Judge of the Industrial Court of NSW
- In office 16 June 1993 – 26 July 2009

Judge of the Supreme Court of NSW
- In office 27 July 2009 – 11 September 2019

Personal details
- Born: 20 August 1956 (age 69) Hohenlimburg, North Rhine-Westphalia, West Germany (now Germany)
- Alma mater: University of Sydney
- Occupation: Judge, Lawyer

= Monika Schmidt =

Australian judge

Monika Schmidt was a judge of the Supreme Court of New South Wales from 2009 until 2019, appointed to the Common Law Division, having previously been a judge of the Industrial Court of New South Wales for 16 years.

==Early life and education==
Schmidt was educated at the University of Sydney and received her LL.B. in 1979.

==Career==

Schmidt was a partner at Minter Ellison, a firm of solicitors, specialising in industrial and employment law, including lecturing at the University of Sydney.

===Industrial Court of NSW===

Schmidt was appointed as a judge of the Industrial Court of New South Wales in 1993, aged 32. The Industrial Court of NSW had the equivalent status of the Supreme Court of NSW. Schmidt was involved with the Judicial Commission of New South Wales, in 1996 becoming a member of the advisory committee on judicial education and as a member of the Conduct Division dealing with complaints about judicial officers. In 1998 Schmidt was received a dual appointment as a Deputy President of the Australian Industrial Relations Commission. Schmidt joined Justice Leone Glynn in a dissenting judgement on an important question of the jurisdiction of the Court, a dissent that was subsequently approved by the NSW Court of Appeal.

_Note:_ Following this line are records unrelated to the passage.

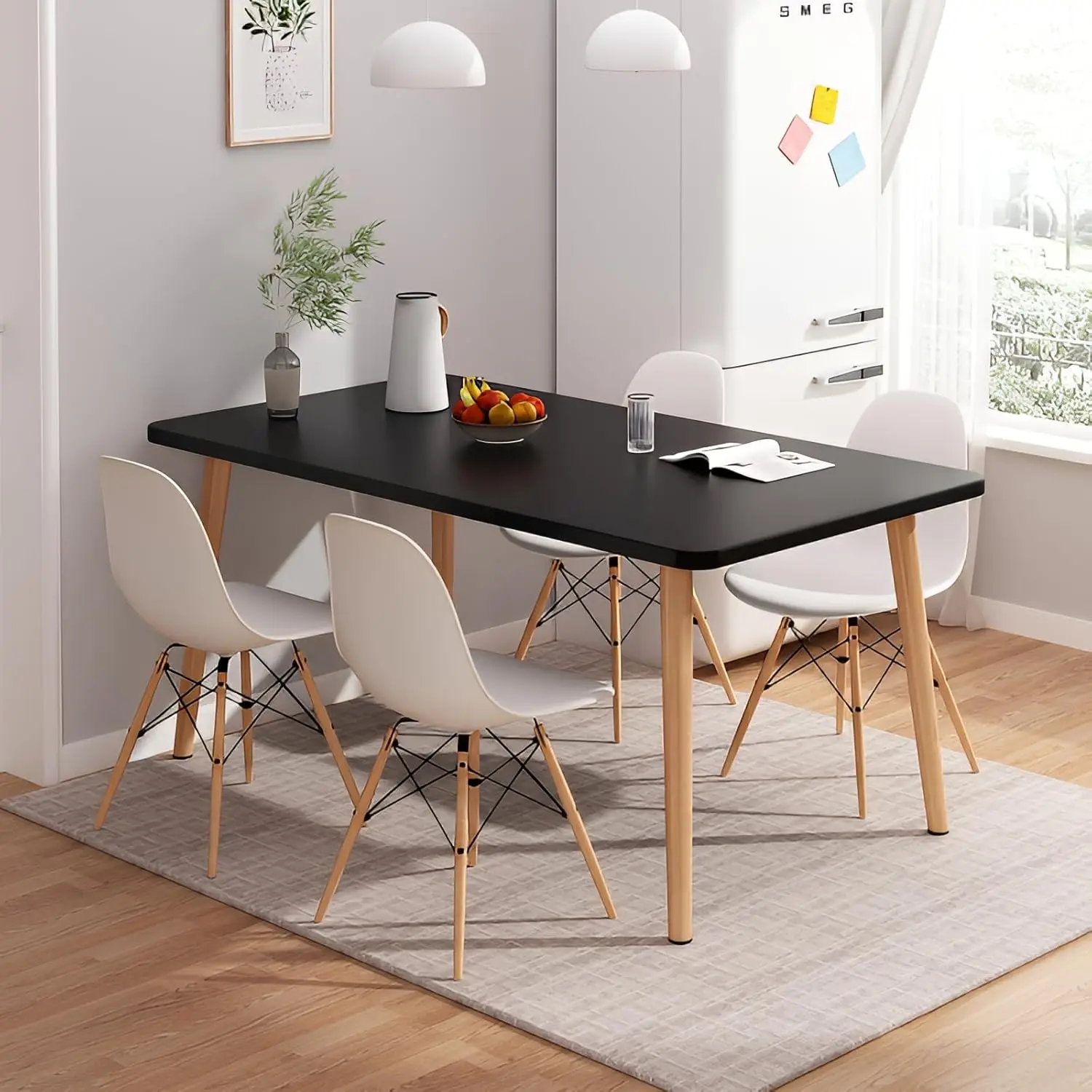 طقم طاولة طعام من الخشب الصلب - طاولة خشبية سوداء أنيقة مع 4 كراسي بيضاء أنيقة، تصميم أنيق ومعاصر لتناول الطعام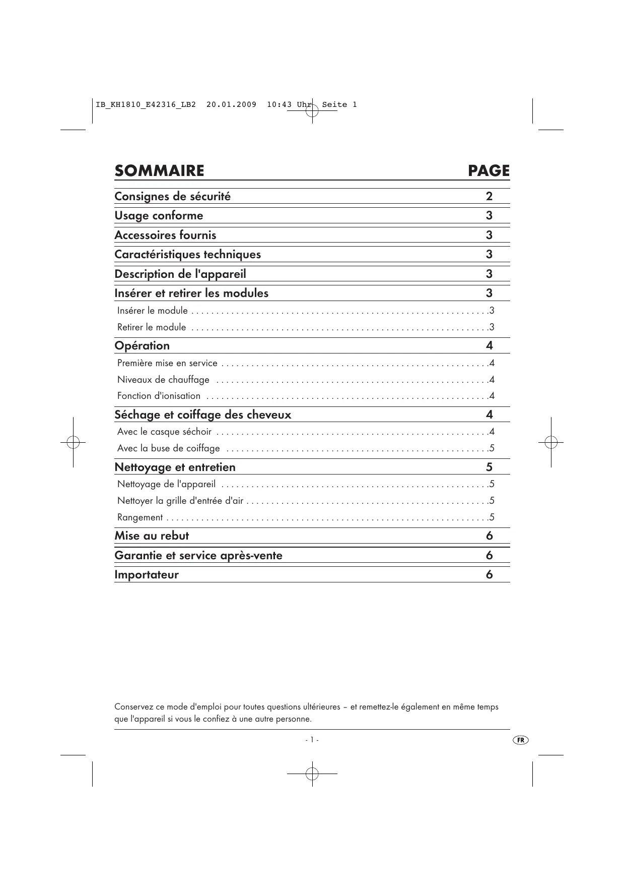 Avec le casque séchoir . . . . . . . . . . . . . . . . . . . . . . . . . . . . . . . . . . . . . . . . . . . . . . . . . . . . . . .4 Avec la buse de coiffage . . . . . . . . . . . . . . . . . . . . . . . . . . . . . . . . . . . . . . . . . . . . . . . . . . . . .5 Nettoyage et entretien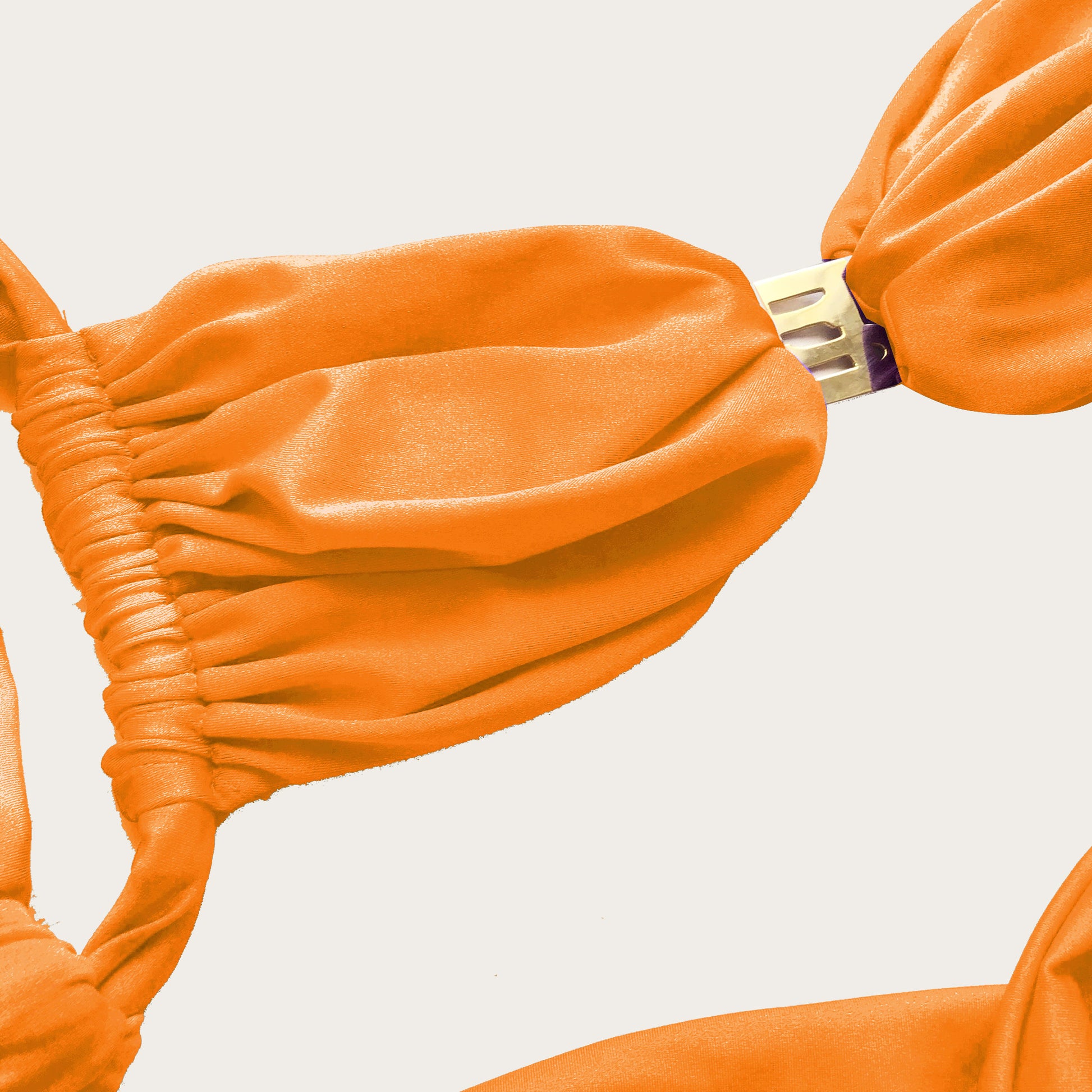 The COTE D’AZUR top is a ruched bikini top with our ETERNA monogram, hancrafted by egyptian artisans. The ruching is adjustable and flexible to fit different sizes, the straps tie are 7cm wide. Fabric with soft sheen.

===Supreme Court of NSW===

Schmidt was appointed as an acting judge of the Supreme Court of New South Wales, sitting for four months in 2009 before being permanently appointed to the Common Law Division from 27 July 2009.

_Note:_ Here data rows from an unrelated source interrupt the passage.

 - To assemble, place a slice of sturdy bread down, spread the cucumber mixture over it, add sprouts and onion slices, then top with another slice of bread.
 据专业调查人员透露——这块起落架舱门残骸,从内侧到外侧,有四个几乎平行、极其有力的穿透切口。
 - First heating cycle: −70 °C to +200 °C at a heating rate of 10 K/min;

In 2013, Schmidt delivered a judgment in the NSW Court of Criminal Appeal which was scathing of the remarks on sentence by District Court judge Garry Neilson, who had found that the seriousness of an incest offence was reduced "because there had been no ejaculation involved ... and because there was no rough handling involved", describing the remarks as having no foundation and not the subject of any evidence, one of a number of judgments that resulted in the suspension of Judge Neilson from criminal trials.

In 2014, Schmidt rejected an application that she refer a case to a male judge, because, as a female judge, she was suspected of being a feminist with leftist leanings. Schmidt noted that a judge was obligated under their oath of office obliged to determine issues impartially regardless of their personal views.

Schmidt retired on 11 September 2019.